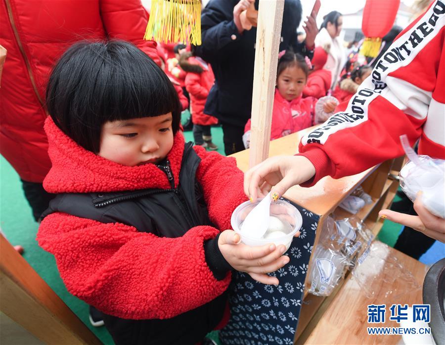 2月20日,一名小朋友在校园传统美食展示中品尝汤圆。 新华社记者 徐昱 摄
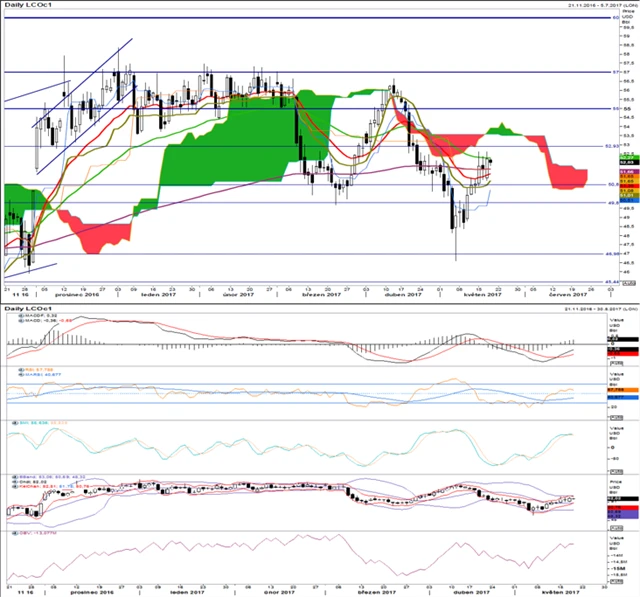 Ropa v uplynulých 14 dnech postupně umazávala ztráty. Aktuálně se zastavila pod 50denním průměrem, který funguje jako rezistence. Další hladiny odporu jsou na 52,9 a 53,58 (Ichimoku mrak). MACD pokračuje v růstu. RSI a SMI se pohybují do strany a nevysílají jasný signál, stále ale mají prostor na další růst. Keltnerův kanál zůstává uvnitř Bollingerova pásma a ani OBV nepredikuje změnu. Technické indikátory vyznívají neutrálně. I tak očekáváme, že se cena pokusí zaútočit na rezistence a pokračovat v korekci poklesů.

----

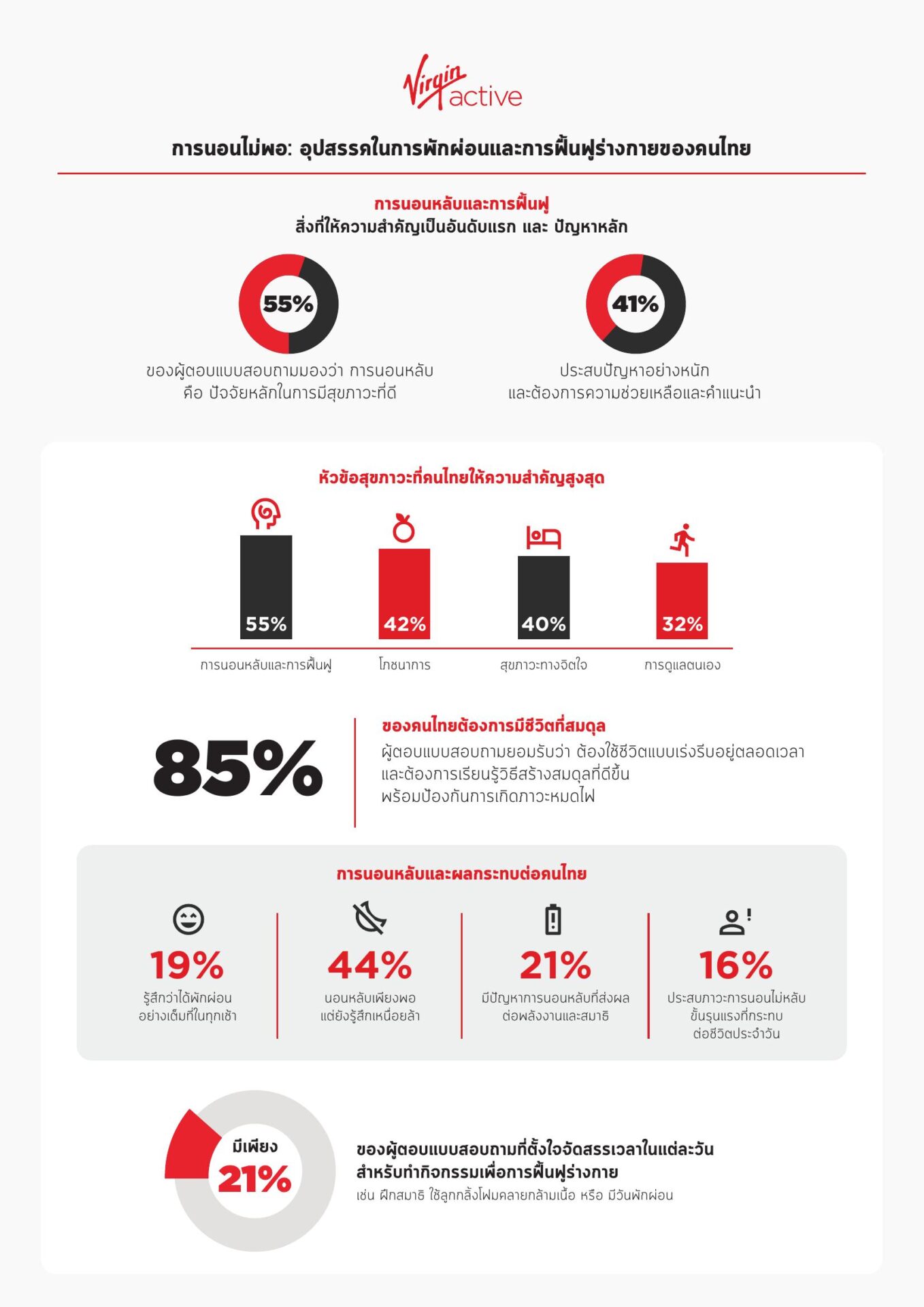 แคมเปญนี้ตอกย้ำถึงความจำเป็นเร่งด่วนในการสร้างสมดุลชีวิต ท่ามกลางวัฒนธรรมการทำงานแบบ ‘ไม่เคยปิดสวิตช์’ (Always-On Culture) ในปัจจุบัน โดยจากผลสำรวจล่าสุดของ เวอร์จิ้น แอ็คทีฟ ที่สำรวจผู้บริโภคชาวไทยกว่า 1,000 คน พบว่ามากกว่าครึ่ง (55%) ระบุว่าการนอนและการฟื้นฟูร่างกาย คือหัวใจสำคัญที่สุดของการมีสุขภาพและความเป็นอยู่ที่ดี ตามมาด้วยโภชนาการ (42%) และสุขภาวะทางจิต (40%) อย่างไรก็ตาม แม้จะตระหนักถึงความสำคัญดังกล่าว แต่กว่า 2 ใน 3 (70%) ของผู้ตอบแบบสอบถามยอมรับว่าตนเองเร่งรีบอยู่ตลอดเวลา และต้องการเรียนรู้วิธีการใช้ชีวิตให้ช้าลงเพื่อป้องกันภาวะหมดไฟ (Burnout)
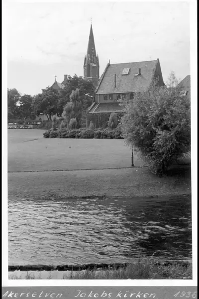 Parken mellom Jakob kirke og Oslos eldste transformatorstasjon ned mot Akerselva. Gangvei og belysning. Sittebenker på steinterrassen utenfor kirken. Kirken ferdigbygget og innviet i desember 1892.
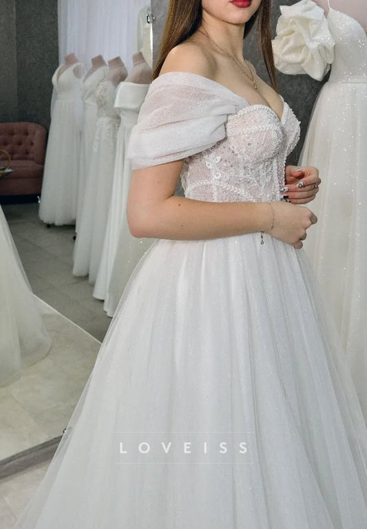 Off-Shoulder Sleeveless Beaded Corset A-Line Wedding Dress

----

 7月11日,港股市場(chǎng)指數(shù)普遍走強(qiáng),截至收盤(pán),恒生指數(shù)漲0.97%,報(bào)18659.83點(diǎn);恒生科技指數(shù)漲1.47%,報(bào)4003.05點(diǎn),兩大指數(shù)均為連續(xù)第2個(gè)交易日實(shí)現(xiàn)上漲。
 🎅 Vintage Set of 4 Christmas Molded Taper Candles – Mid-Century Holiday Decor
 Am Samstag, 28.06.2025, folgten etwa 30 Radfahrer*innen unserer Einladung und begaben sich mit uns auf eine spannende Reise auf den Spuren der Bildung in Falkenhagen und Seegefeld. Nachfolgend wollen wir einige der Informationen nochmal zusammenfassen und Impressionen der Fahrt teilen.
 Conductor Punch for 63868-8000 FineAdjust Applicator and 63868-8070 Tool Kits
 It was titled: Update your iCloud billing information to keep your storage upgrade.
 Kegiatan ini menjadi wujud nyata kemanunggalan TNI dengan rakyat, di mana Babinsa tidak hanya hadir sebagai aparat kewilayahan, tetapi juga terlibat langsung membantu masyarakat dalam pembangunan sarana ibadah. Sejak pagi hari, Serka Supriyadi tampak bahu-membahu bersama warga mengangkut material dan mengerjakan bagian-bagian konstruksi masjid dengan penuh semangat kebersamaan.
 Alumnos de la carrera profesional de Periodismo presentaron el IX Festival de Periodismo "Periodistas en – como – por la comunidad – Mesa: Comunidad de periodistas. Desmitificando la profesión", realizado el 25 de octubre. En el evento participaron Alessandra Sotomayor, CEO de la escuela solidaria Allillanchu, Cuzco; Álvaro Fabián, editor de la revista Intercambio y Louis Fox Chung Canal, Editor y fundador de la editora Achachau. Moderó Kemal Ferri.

----

## [WHAT YOU HAVE TO DO]
Copy exactly the stretch of data above from the line with "Am Samstag, 28.06.2025, folgten" through the line with "Alumnos de la", and omit all other lines.

## [OUTPUT BELOW]
 Am Samstag, 28.06.2025, folgten etwa 30 Radfahrer*innen unserer Einladung und begaben sich mit uns auf eine spannende Reise auf den Spuren der Bildung in Falkenhagen und Seegefeld. Nachfolgend wollen wir einige der Informationen nochmal zusammenfassen und Impressionen der Fahrt teilen.
 Conductor Punch for 63868-8000 FineAdjust Applicator and 63868-8070 Tool Kits
 It was titled: Update your iCloud billing information to keep your storage upgrade.
 Kegiatan ini menjadi wujud nyata kemanunggalan TNI dengan rakyat, di mana Babinsa tidak hanya hadir sebagai aparat kewilayahan, tetapi juga terlibat langsung membantu masyarakat dalam pembangunan sarana ibadah. Sejak pagi hari, Serka Supriyadi tampak bahu-membahu bersama warga mengangkut material dan mengerjakan bagian-bagian konstruksi masjid dengan penuh semangat kebersamaan.
 Alumnos de la carrera profesional de Periodismo presentaron el IX Festival de Periodismo "Periodistas en – como – por la comunidad – Mesa: Comunidad de periodistas. Desmitificando la profesión", realizado el 25 de octubre. En el evento participaron Alessandra Sotomayor, CEO de la escuela solidaria Allillanchu, Cuzco; Álvaro Fabián, editor de la revista Intercambio y Louis Fox Chung Canal, Editor y fundador de la editora Achachau. Moderó Kemal Ferri.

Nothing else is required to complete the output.